TRENTON – Legislation sponsored by Senator Barbara Buono and Senate Majority Leader Loretta Weinberg that would allow school districts to continue to implement anti-bullying prevention and training programs at no cost to the district was approved today in both the State Senate and the General Assembly, receiving final legislative approval.
“The Anti-Bullying Bill of Rights is landmark legislation that works to ensure every child in New Jersey is afforded a learning environment free from harassment, violence, and predatory behavior,” said Senator Buono (D-Middlesex). “With these changes to the law, school districts should be able to implement protections to ensure that no child is afraid to attend school. As a mother, I stand proud that we have found a working solution to this major public health problem.”

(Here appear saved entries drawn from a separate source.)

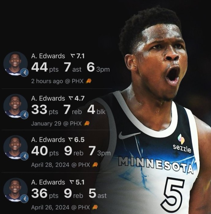 據(jù)統(tǒng)計,過去4場和太陽的交手(含2場季后賽),愛德華茲場均38.3分7.5板5.8助,進4.3記三分,三項命中率55/43/91%。
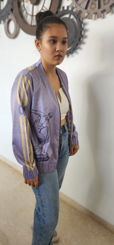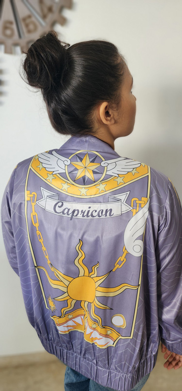 Classic bomber jacket with a vibrant print with your star sign at the back.
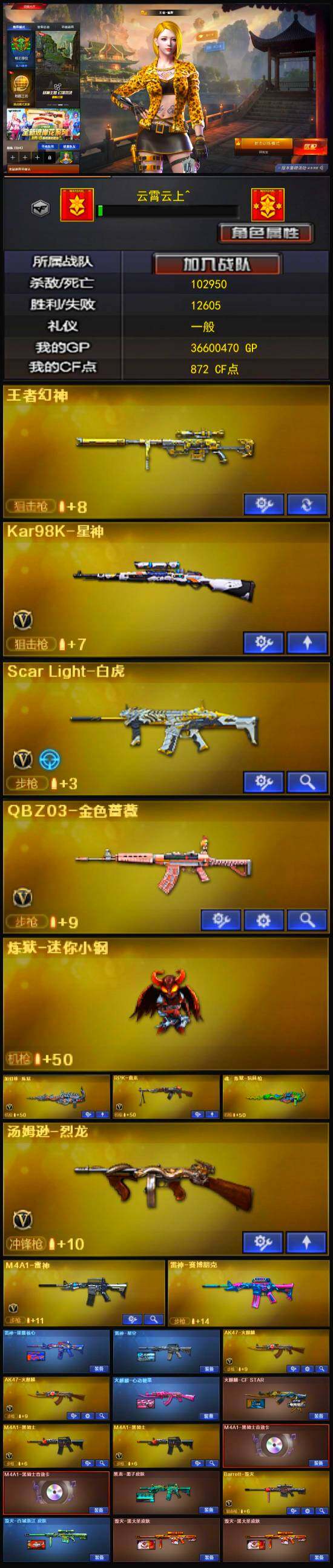 【热门武器】:王者幻神,QBZ03-金色蔷薇,Scar Light-白虎,Kar98K-星神,炼狱-迷你小钢,M4A1-黑骑士*2,汤姆逊-烈龙,RPK-盘龙,加特林-炼狱,沙鹰-修罗*2,金刚伞
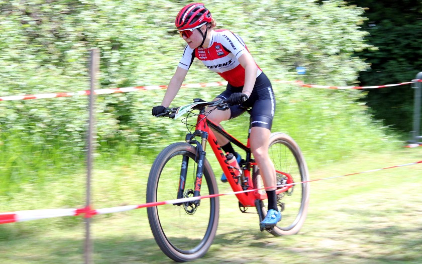 Eine imposante Leistung bot Juniorenfahrerin Carla Hahn (TSV Benediktbeuren Bichl / Lexware Mountainbike Team). Sie dominierte das Rennen der zeitgleich mit den Frauen gestarteten Juniorinnen und gewann nach einer Startrunde und vier vollen Runden mit 5:22 Minuten Vorsprung vor Natalie Kaufmann (RSV Team Auto Riedel Schwarzenberg / Stevens MTB Racing Team) und Lina Huber (TSG Münsingen / B&W Merida Team).

The bill (S-1789/A-2709) would appropriate $1 million to the Bullying Prevention Fund to assist school districts in implementing the “Anti-Bullying Bill of Rights Act.” In order for a school district to apply for a grant from the Bullying Prevention Fund, they would be required to exhaust free alternatives such as training and programs available at no cost from the Department of Education, the New Jersey State Bar Foundation or any other entity.
The bill is necessary to deter a formal ruling by the Council on Local Mandates that certain parts of the “Anti-Bullying Bill of Rights Act” represent an unfunded mandate.
Additionally, the bill would establish a seven-member Anti-Bullying Task Force in, but not of, the Department of Education to provide guidance to school districts on available resources to assist in the implementation and review of the “Anti-Bullying Bill of Rights Act.” The Task Force would be required to prepare a report within 180 days of the organizational meeting and annually for the following three years on the effectiveness of the Act in addressing bullying in schools.
“Bullying can happen to anyone, anywhere and it can have serious effects on a child’s emotional and physical well-being. Since the implementation of New Jersey’s toughest-in-the-nation anti-bullying legislation, parents, teacher and school administrators are beginning to understand both the signs and the implications of bullying on our kids and in our schools,” said Senate Majority Leader Weinberg, D-Bergen. “As with any legislation, unintended consequences or concerns can arise. I am pleased that we are able address the concerns and find a solution to continue a program that is protecting our kids.”
The bill passed in the Senate with a vote of 35-0 and in the Assembly with a vote of 72-2-3. The bill now heads to the Governor for his signature.